November 20, 2024

History

Our history

In 1984, a group of artists and arts administrators, led by then state arts agency director Robb Hankins, joined forces to lift state funding for the arts in New Hampshire from its last-in-the-nation status. Their successful campaign became an organization, Arts 1000, now called New Hampshire Citizens for the Arts.

Arts 1000 helped craft and advocate for legislation and a line-item appropriation to help non-profit arts organizations with their cultural facility needs. Governor Sununu signed HB 263 into law, a NH law passed in 1987 that established one of the few grant programs in the nation dedicated to “the design, construction or renovation of cultural facilities.”

In the mid-1990s, when both the National Endowments for the Arts and Humanities were threatened with reduction or elimination, Arts 1000 reorganized itself and sponsored the Bipartisan Campaign for the Arts and Humanities. attracting filmmaker Ken Burns as spokesperson. The Bipartisan Campaign utilized the visibility of the NH Primary and the live presence of candidates to achieve a powerful voice. The organization’s strong grassroots advocacy network provided information and support for Senator Judd Gregg to testify in favor of keeping the Endowments intact. By combining its efforts with those in other states New Hampshire saved both Endowments and reinforced the federal-state partnership for supporting the arts and culture.

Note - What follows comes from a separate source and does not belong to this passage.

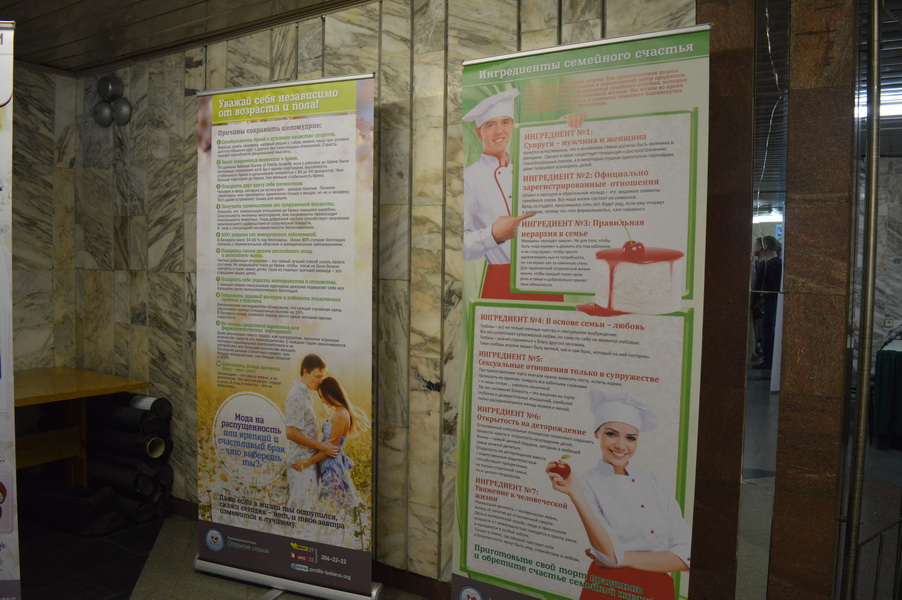Далее идут тематические пары стендов, посвящённых актуальным проблемам современного общества: «секуальная революция» — «причины сохранить целомудрие до брака», «Гражданский брак или пробная семья» — «Ингредиенты семейного счастья», «Отказ от деторождения» — «12 причин родить ещё одного», «Правда о контрацепции» — «Метод распознавания плодности», «Аборт» — «Чудо жизни», «Искусственное оплодотворение» — «Естественные роды», «Гендер: 50 оттенков безумия» — «Библия о супружестве и семье», «Эвтаназия или хорошая смерть» — «Особенные дети – особенный дар», «Феминизм: эмансипация счастья» — «Отцовство».

Arts 1000/NH Citizens for the Arts has remained alert to recurring advocacy needs: derailing proposals for an entertainment tax on nonprofit and for-profit cultural organization tickets to cultural events, retaining the high-school art credit required for graduation, stopping efforts by municipalities to tax nonprofits’ land and buildings, preserving the state’s Percent for Art Program, maintaining public support for public television and radio, ensuring fairness for the arts council’s budget during periodic state cutbacks, and supporting matching state funds to keep federal arts grants coming to New Hampshire. This strategy helped to establish a Traditional Arts Program at the State Arts Council in FY1997.